Uptake of exogenous CNCbl and (CN)₂Cbi in M. smegmatis. (A) Spotting assays of exponential-phase cultures of wild-type and ΔmetE cobK::hyg strains on 7H10-OADC agar with or without 10 μM CNCbl or 10 μM (CN)₂Cbi show restricted uptake of (CN)₂Cbi relative to CNCbl uptake on solid medium. (B) alamarBlue assay to evaluate the growth of the ΔmetE cobK::hyg strain in liquid medium supplemented with (CN)₂Cbi.
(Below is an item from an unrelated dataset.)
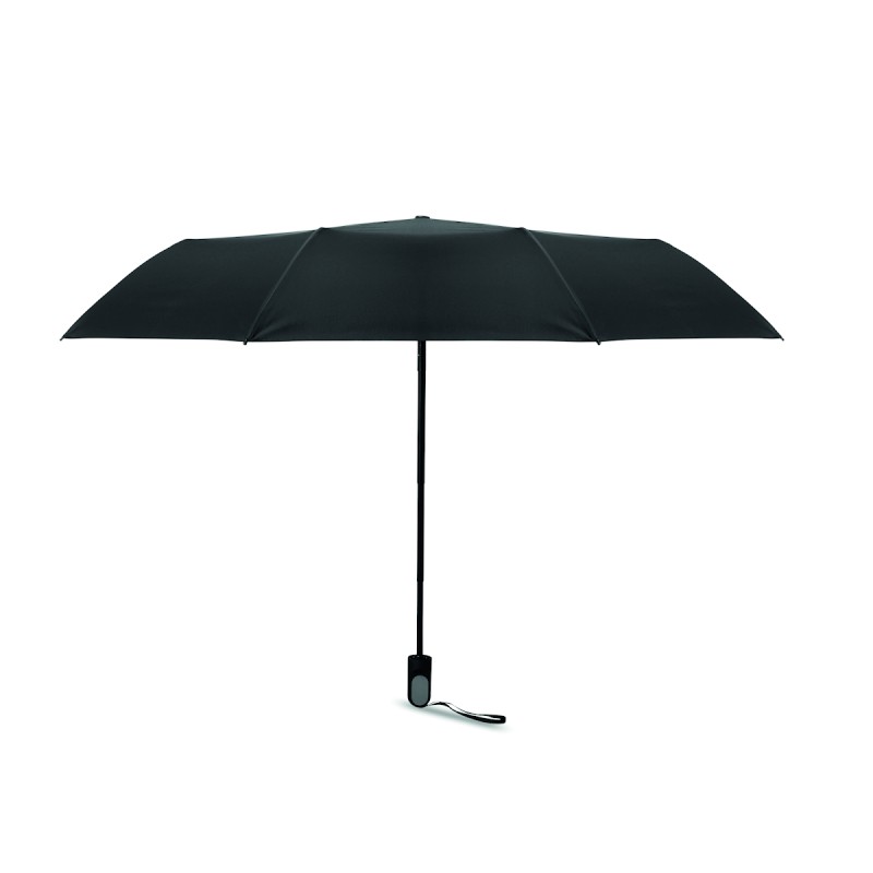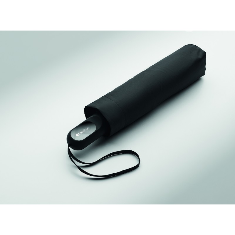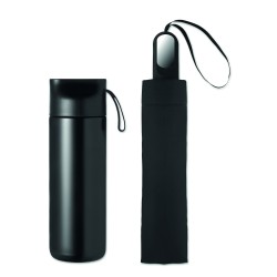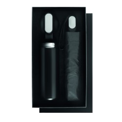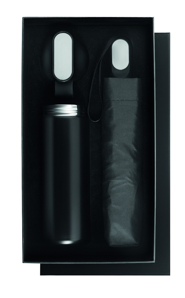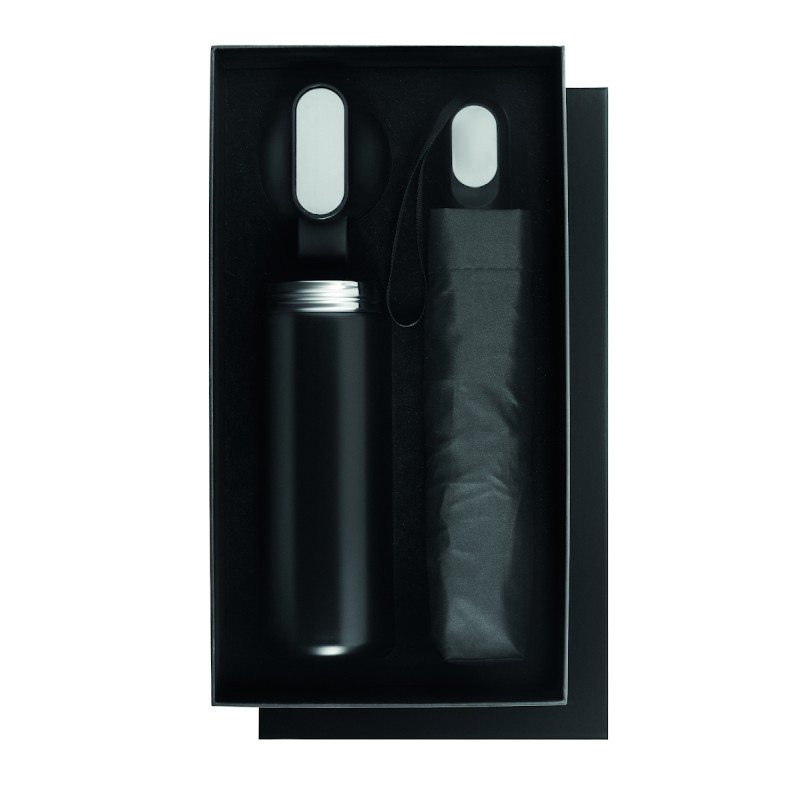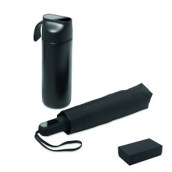Coffret cadeau 2 pièces: 1 bouteille en acier inox recyclé (90%) double paroi 600 ml couvercle PP, détails en métal et poignée en silicone, 1 parapluie pliable de 21'' en pongé avec poignée en ABS.

Cells (5 × 10³) were seeded in 7H9-OADC medium supplemented with 2-fold dilutions of (CN)₂Cbi starting at 30 μM as the highest concentration.

FIG 3

Assimilation of (CN)₂Cbi in M. smegmatis. (A) (CN)₂Cbi only control. (B) De novo-synthesized cobalamin in the wild-type strain. (C and D) Detection of recovered cobalamin due to (CN)₂Cbi assimilation in the ΔmetE ΔcobK::hyg double mutant. (E and F). Absence of recovered cobalamin in the ΔcobK strain in the presence of exogenous (CN)₂Cbi. (CN)₂Cbi uptake was accompanied by changes in the color of the spent medium from purple (A, inset) to a rusty hue in the wild-type (B, inset) and ΔcobK strains (F, inset), and pale yellow in the ΔmetE ΔcobK::hyg strain (D, inset). Supplemented cultures contained 30 μM (CN)₂Cbi.

FIG 4

Cobalamin-mediated attenuation of MetE expression in M. smegmatis. (A) ddPCR analysis of metE transcription during exponential growth phase in the wild-type and ΔcobK strains cultured in the presence (solid bars) or absence (open bars) of exogenous CNCbl. The ΔcobK strain exhibited an overabundance of metE transcripts relative to the wild-type parental strain. A small but statistically significant decrease in the level of metE transcript in the ΔcobK strain was observed in the presence of exogenous CNCbl (two-way ANOVA; *, P = 0.0359), but the change in metE transcript levels in the wild-type strain was not statistically significant. The graphed data are representative of two independent experiments. Error bars show the standard error of the mean. (B) Targeted MS analysis of MetE peptide levels (log₂ peak area) in the wild-type and ΔcobK strains grown in the presence (solid bars) or absence (open bars) of exogenous CNCbl. Exogenous CNCbl more significantly decreased MetE peptide levels in the wild-type strain relative to the ΔcobK mutant (two-way ANOVA; *, P = 0.0151).

FIG 5

Growth cessation due to methionine depletion in the metH cKD strain. (A) ATc-induced growth inhibition in the metH cKD strain is rescued by exogenous methionine (l-Met). (B) Representative images from time-lapse microscopy at the 0-h, 12-h, and 24-h time points showing severe growth retardation in the metH cKD strain. Images are taken from Movie S2, available at https://uct.figshare.com/s/65105b9914196c4b4654. Scale bars, 5 μm. (C) Quantification of microcolony growth in the M. smegmatis metH cKD strain using “R” software; *, limit of detection.

FIG 6

Sensitivity of MetH mutants to exogenous CNCbl. (A) CRISPRi-mediated silencing of metH in the ΔcobK strain in the presence (+) or absence (−) of exogenous CNCbl. Exogenous CNCbl had negligible effect on the growth of the metH cKD strain on solid medium in this background. (B) Spotting assay on 7H10 agar containing 10 μM exogenous CNCbl showing the failure of exogenous CNCbl to inhibit growth of the ΔcobK ΔmetH strain on solid medium. (C) Sensitivity of the ΔcobK ΔmetH strain to exogenous CNCbl in liquid medium, as determined using the alamarBlue assay.